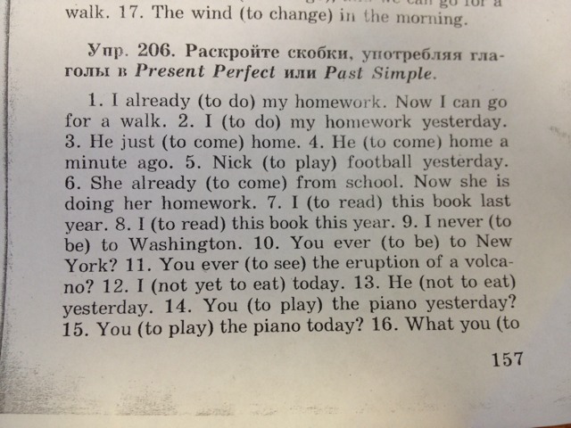 7. read 8. have read 9. have never been 10. Have you ever been... 11. Have you ever seen ... 12. I have not eaten 13. did not eat 14. Did you play 15. Have you played
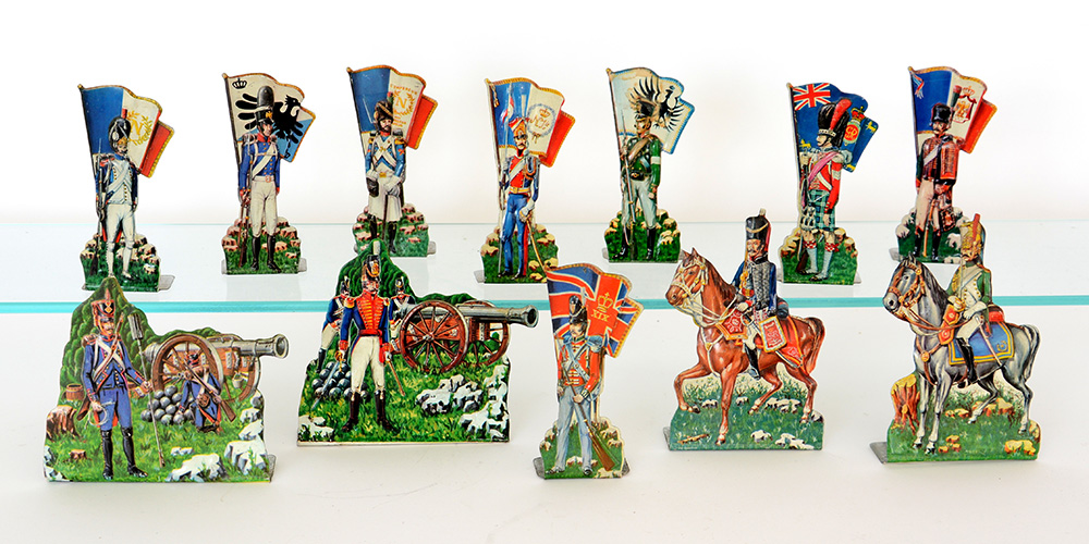 Lotto composto da otto soldatini portabandiera in lastra metallica a rilievo stampata (h cm 10), a cui si aggiungono due artiglieri con cannone (h cm 10) e due a cavallo (h cm 11). Epopea napoleonica. Marca Brivio di Milano, anni '60. Buono stato di conservazione (lievi difetti)
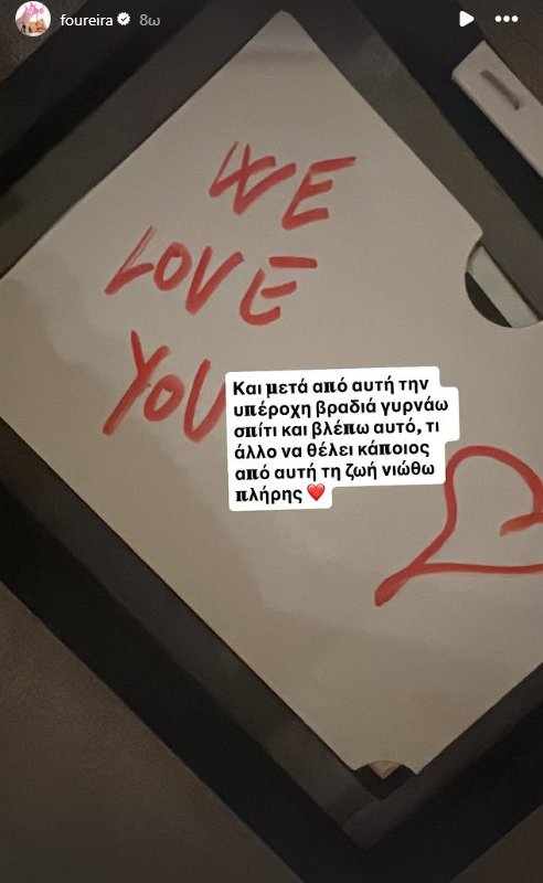 Μέσα από τα stories της η Ελένη Φουρέιρα μοιράστηκε διάφορα στιγμιότυπα από τη βραδιά, όμως, σε ένα αποκάλυψε το μήνυμα που την περίμενε επιστρέφοντας σπίτι. «Σε αγαπάμε» έγραφε το μήνυμα.
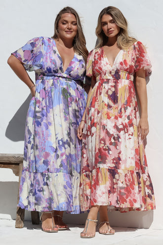 Payton Maxi Dress - Pleat Detailed A-Line Dress with Cap Flutter Sleeves in Leonor Print
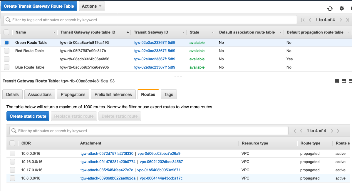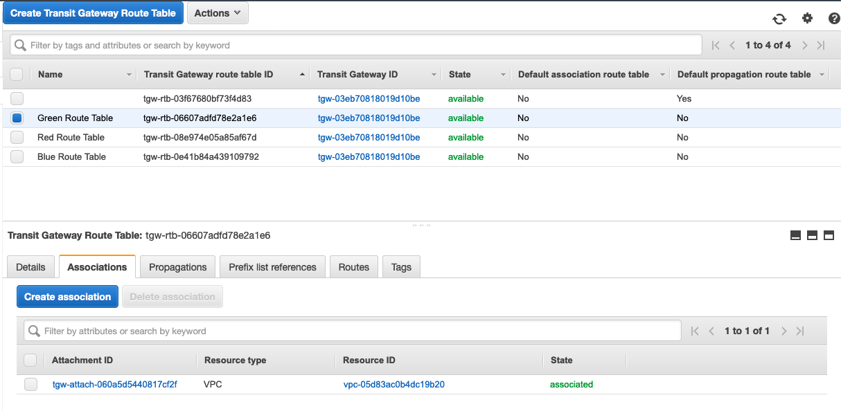 1.从左侧的菜单中选择“Transit Gateway Route Tables”。从主面板的表中选择 [Green Route Table]。然后点击 [Associations] 标签。Associations 意味着从外部流向Transit网关的流量将使用此路由表来了解数据包在通过TGW路由后的去向。
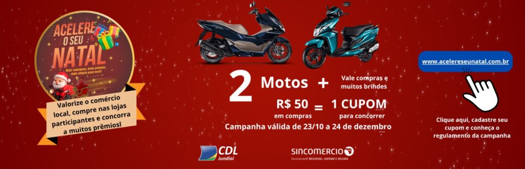 Começou nesta quinta-feira, 23 de outubro, a campanha “Acelere o Seu Natal”, promovida pela CDL Jundiaí e Sincomércio para incentivar as compras no comércio local. A iniciativa segue até o dia 24 de dezembro de 2025 e sorteará dois prêmios principais — duas motos zero quilômetro — além de vales-compra e diversos brindes.
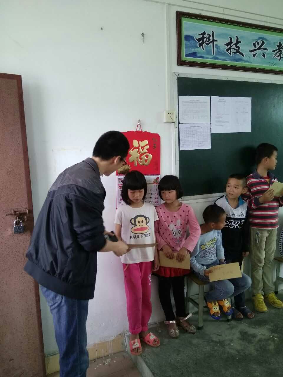 張主任代表廣州勝特加固公司向沙坪小學學生頒發慰問金
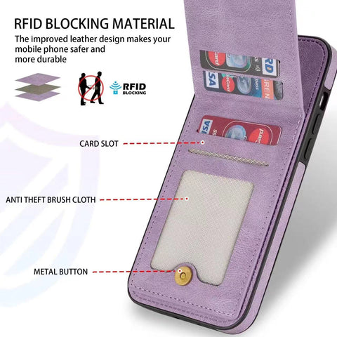 Case for iPhone RFID Blocking 16 15 Series Luxury Leather Flip Kickstand Card Slot ID Slot Cover
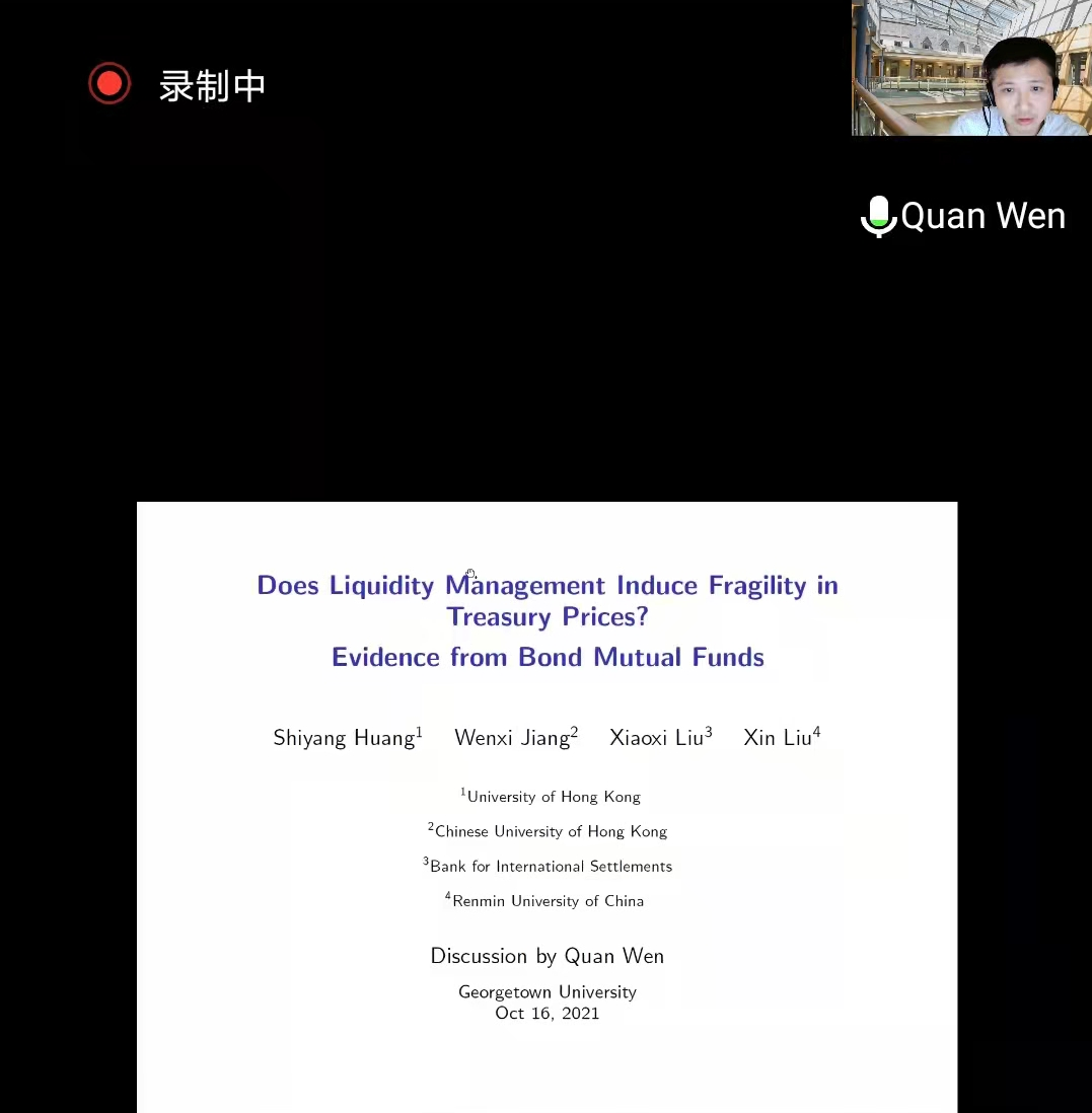 刘昕博士汇报了论文——“Does Liquidity Management Induce Fragility in Treasury Prices? Evidence from Bond Mutual Funds”,持有非流动性资产(例如公司债券)的债券共同基金积极管理其国债头寸以缓冲赎回冲击。文章论证并展示了支持性证据表明这种流动性管理做法会导致国债价格的脆弱性,并通过利用两个可能的外生事件来解决内生性问题:COVID-19的爆发和2003年共同基金丑闻。乔治城大学的温泉教授就论文的理论基础和实证设计交流了自己的宝贵经验。
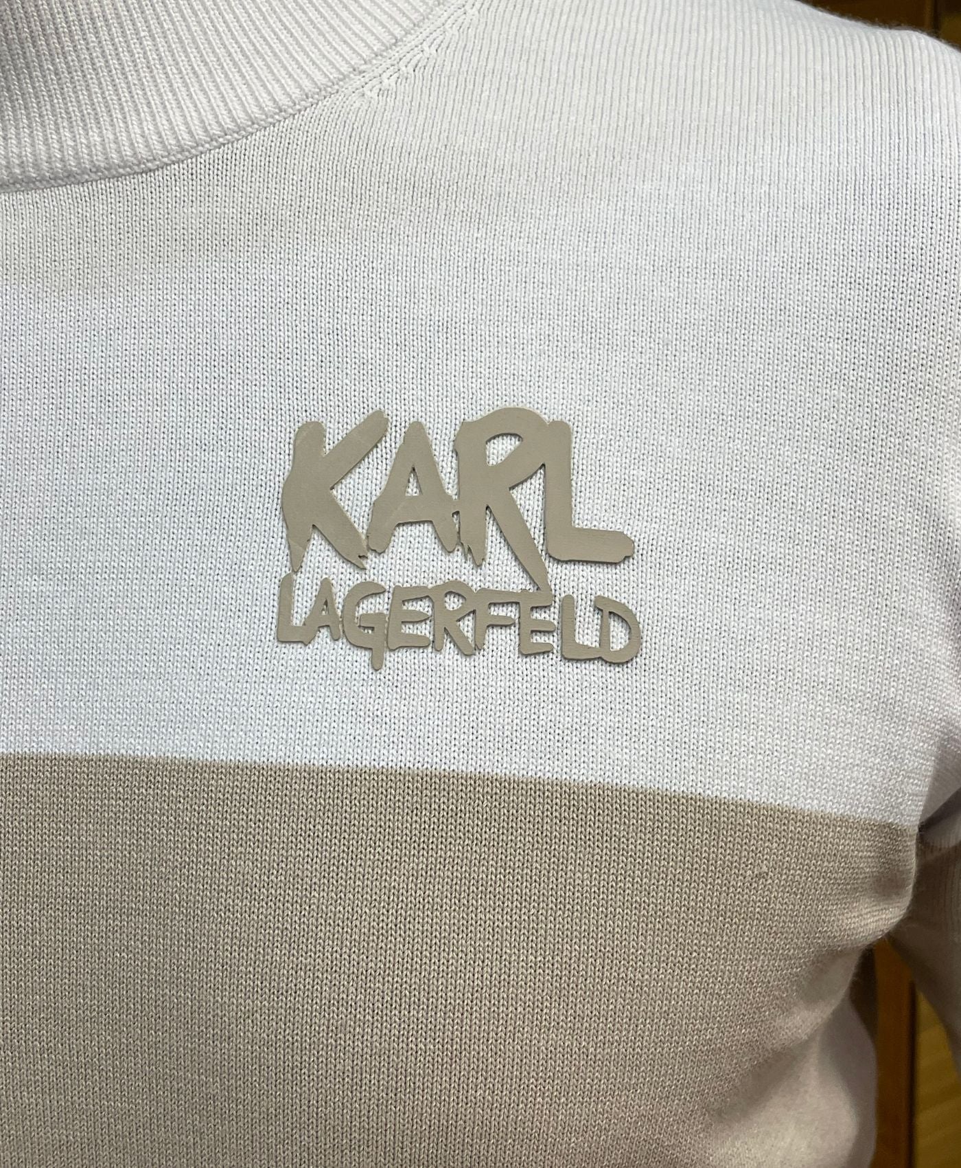 Jersey bicolor blanco y arena . 43% algodon , 36% viscosa, 21% polyamida.
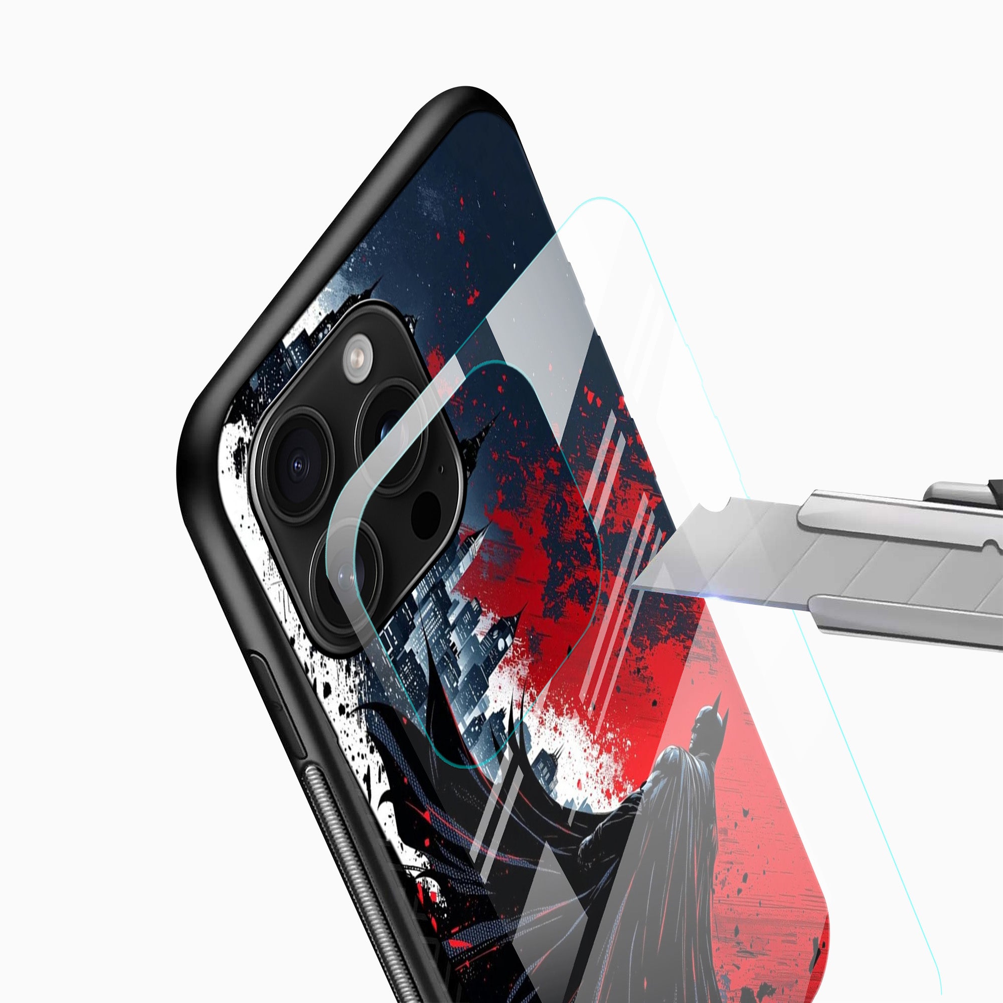 Make a bold statement with this Dark Knight Red Shadow Glass Mobile Cover, featuring a powerful silhouette design with dramatic red splash artwork and cityscape background. The premium tempered glass back gives a glossy HD finish while maintaining slim protection. Designed for daily use, this glass cover combines style and durability with shockproof edges and scratch-resistant coating — perfect for superhero lovers who want a strong, edgy aesthetic.
******************************
■ **EXERCISE GOAL**
Could you reproduce all of the data above exactly and skip any image?

■ **EXERCISE OUTPUT**
 7. read 8. have read 9. have never been 10. Have you ever been... 11. Have you ever seen ... 12. I have not eaten 13. did not eat 14. Did you play 15. Have you played
 Lotto composto da otto soldatini portabandiera in lastra metallica a rilievo stampata (h cm 10), a cui si aggiungono due artiglieri con cannone (h cm 10) e due a cavallo (h cm 11). Epopea napoleonica. Marca Brivio di Milano, anni '60. Buono stato di conservazione (lievi difetti)
 Μέσα από τα stories της η Ελένη Φουρέιρα μοιράστηκε διάφορα στιγμιότυπα από τη βραδιά, όμως, σε ένα αποκάλυψε το μήνυμα που την περίμενε επιστρέφοντας σπίτι. «Σε αγαπάμε» έγραφε το μήνυμα.
 Payton Maxi Dress - Pleat Detailed A-Line Dress with Cap Flutter Sleeves in Leonor Print
 1.从左侧的菜单中选择“Transit Gateway Route Tables”。从主面板的表中选择 [Green Route Table]。然后点击 [Associations] 标签。Associations 意味着从外部流向Transit网关的流量将使用此路由表来了解数据包在通过TGW路由后的去向。
 Começou nesta quinta-feira, 23 de outubro, a campanha “Acelere o Seu Natal”, promovida pela CDL Jundiaí e Sincomércio para incentivar as compras no comércio local. A iniciativa segue até o dia 24 de dezembro de 2025 e sorteará dois prêmios principais — duas motos zero quilômetro — além de vales-compra e diversos brindes.
 張主任代表廣州勝特加固公司向沙坪小學學生頒發慰問金
 Case for iPhone RFID Blocking 16 15 Series Luxury Leather Flip Kickstand Card Slot ID Slot Cover
 刘昕博士汇报了论文——“Does Liquidity Management Induce Fragility in Treasury Prices? Evidence from Bond Mutual Funds”,持有非流动性资产(例如公司债券)的债券共同基金积极管理其国债头寸以缓冲赎回冲击。文章论证并展示了支持性证据表明这种流动性管理做法会导致国债价格的脆弱性,并通过利用两个可能的外生事件来解决内生性问题:COVID-19的爆发和2003年共同基金丑闻。乔治城大学的温泉教授就论文的理论基础和实证设计交流了自己的宝贵经验。
 Jersey bicolor blanco y arena . 43% algodon , 36% viscosa, 21% polyamida.
 Make a bold statement with this Dark Knight Red Shadow Glass Mobile Cover, featuring a powerful silhouette design with dramatic red splash artwork and cityscape background. The premium tempered glass back gives a glossy HD finish while maintaining slim protection. Designed for daily use, this glass cover combines style and durability with shockproof edges and scratch-resistant coating — perfect for superhero lovers who want a strong, edgy aesthetic.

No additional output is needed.